— DATASET RECORDS —
* * *

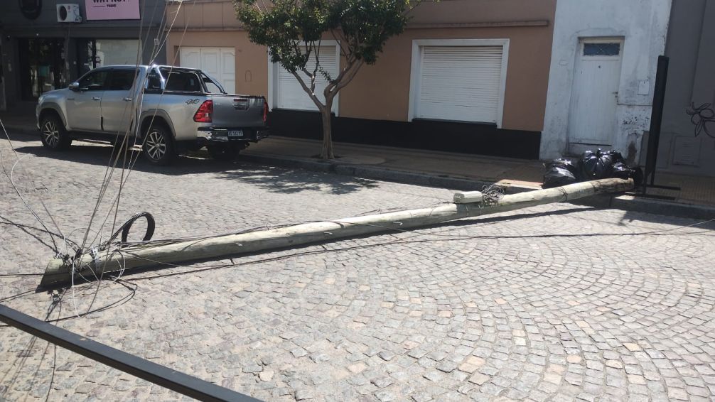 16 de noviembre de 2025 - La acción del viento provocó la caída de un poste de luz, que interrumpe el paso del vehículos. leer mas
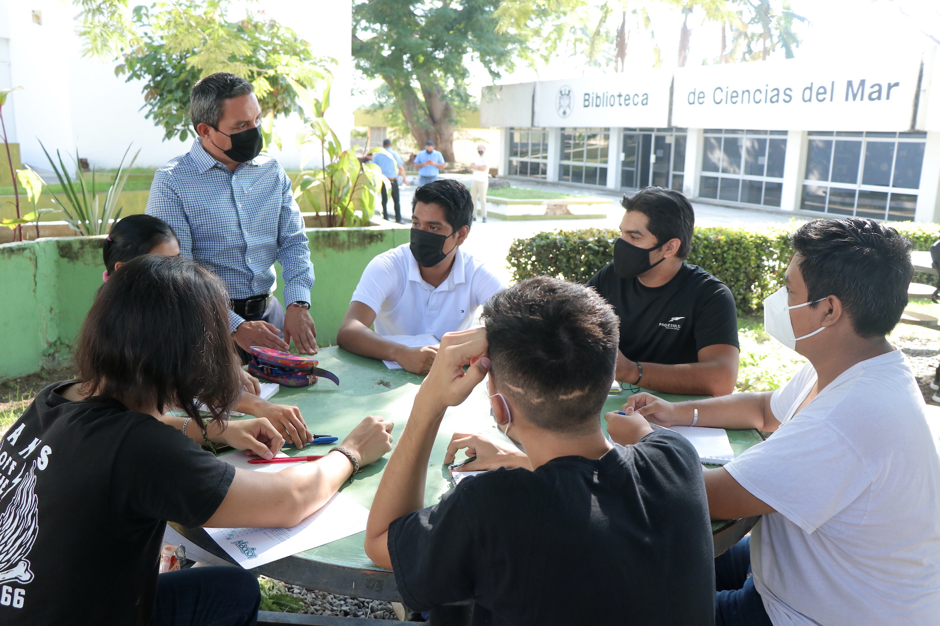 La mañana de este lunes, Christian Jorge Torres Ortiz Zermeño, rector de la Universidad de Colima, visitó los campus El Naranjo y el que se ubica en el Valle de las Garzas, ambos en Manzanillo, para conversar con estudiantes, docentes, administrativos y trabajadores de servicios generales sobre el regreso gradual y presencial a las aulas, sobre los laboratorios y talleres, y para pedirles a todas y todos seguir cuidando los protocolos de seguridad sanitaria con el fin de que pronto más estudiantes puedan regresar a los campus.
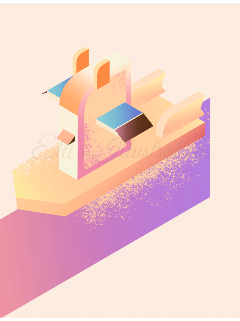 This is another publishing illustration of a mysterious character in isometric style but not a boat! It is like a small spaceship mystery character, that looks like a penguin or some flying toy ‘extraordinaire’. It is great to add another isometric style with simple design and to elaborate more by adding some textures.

* * *

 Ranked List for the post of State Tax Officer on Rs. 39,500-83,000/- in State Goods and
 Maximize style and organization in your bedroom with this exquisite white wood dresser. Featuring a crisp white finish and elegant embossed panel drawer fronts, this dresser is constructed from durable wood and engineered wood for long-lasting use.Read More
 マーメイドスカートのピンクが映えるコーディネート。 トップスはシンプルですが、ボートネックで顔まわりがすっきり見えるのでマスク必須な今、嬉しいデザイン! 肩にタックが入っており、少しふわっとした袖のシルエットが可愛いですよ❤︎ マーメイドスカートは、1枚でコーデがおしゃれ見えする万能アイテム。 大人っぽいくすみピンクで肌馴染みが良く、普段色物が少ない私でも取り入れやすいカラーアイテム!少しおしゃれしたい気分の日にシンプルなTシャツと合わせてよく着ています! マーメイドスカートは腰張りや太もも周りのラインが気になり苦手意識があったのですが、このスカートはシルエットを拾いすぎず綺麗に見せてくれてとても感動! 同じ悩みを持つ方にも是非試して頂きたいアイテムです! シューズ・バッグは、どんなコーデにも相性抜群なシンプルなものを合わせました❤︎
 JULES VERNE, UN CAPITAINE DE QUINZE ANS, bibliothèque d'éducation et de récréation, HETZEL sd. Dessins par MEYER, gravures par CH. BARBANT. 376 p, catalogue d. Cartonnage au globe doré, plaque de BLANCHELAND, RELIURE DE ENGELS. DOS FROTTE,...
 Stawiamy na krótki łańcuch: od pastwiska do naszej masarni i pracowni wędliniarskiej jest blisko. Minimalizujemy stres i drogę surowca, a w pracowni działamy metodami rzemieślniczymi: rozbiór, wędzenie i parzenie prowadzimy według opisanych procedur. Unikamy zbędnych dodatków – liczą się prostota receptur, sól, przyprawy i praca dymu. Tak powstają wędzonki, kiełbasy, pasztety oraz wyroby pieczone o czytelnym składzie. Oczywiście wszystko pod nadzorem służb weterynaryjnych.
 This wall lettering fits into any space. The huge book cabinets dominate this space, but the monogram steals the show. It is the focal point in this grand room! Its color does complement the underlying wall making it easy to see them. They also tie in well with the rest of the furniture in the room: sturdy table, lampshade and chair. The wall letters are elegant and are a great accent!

* * *

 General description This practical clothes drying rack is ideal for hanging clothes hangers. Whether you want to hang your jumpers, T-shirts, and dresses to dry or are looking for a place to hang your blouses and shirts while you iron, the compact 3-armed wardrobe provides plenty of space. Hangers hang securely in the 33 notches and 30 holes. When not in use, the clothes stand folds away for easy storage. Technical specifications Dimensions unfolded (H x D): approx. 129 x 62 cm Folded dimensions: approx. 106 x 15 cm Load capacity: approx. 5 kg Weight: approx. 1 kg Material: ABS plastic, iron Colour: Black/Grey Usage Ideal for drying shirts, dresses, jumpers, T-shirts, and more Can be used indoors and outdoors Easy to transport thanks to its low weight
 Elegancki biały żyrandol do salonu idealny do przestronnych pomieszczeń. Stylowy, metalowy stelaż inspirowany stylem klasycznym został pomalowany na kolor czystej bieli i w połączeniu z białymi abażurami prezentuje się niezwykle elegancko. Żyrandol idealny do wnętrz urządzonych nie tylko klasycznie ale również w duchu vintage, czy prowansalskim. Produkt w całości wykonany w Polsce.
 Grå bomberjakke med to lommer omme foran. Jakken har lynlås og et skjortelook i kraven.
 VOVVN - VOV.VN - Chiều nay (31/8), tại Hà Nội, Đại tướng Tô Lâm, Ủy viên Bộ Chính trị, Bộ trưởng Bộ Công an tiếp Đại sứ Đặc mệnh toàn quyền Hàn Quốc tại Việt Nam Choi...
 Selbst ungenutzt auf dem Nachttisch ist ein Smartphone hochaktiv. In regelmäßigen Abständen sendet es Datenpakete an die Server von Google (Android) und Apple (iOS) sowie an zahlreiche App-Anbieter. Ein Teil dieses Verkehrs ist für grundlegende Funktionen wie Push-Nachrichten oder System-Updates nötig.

* * *

— REQUIRED WORK —
Going down the listing above, begin printing at the line with "Grå bomberjakke med" and finish with the line with "VOVVN - VOV.VN", exactly as they appear.

— FINAL ANSWER —
 Grå bomberjakke med to lommer omme foran. Jakken har lynlås og et skjortelook i kraven.
 VOVVN - VOV.VN - Chiều nay (31/8), tại Hà Nội, Đại tướng Tô Lâm, Ủy viên Bộ Chính trị, Bộ trưởng Bộ Công an tiếp Đại sứ Đặc mệnh toàn quyền Hàn Quốc tại Việt Nam Choi...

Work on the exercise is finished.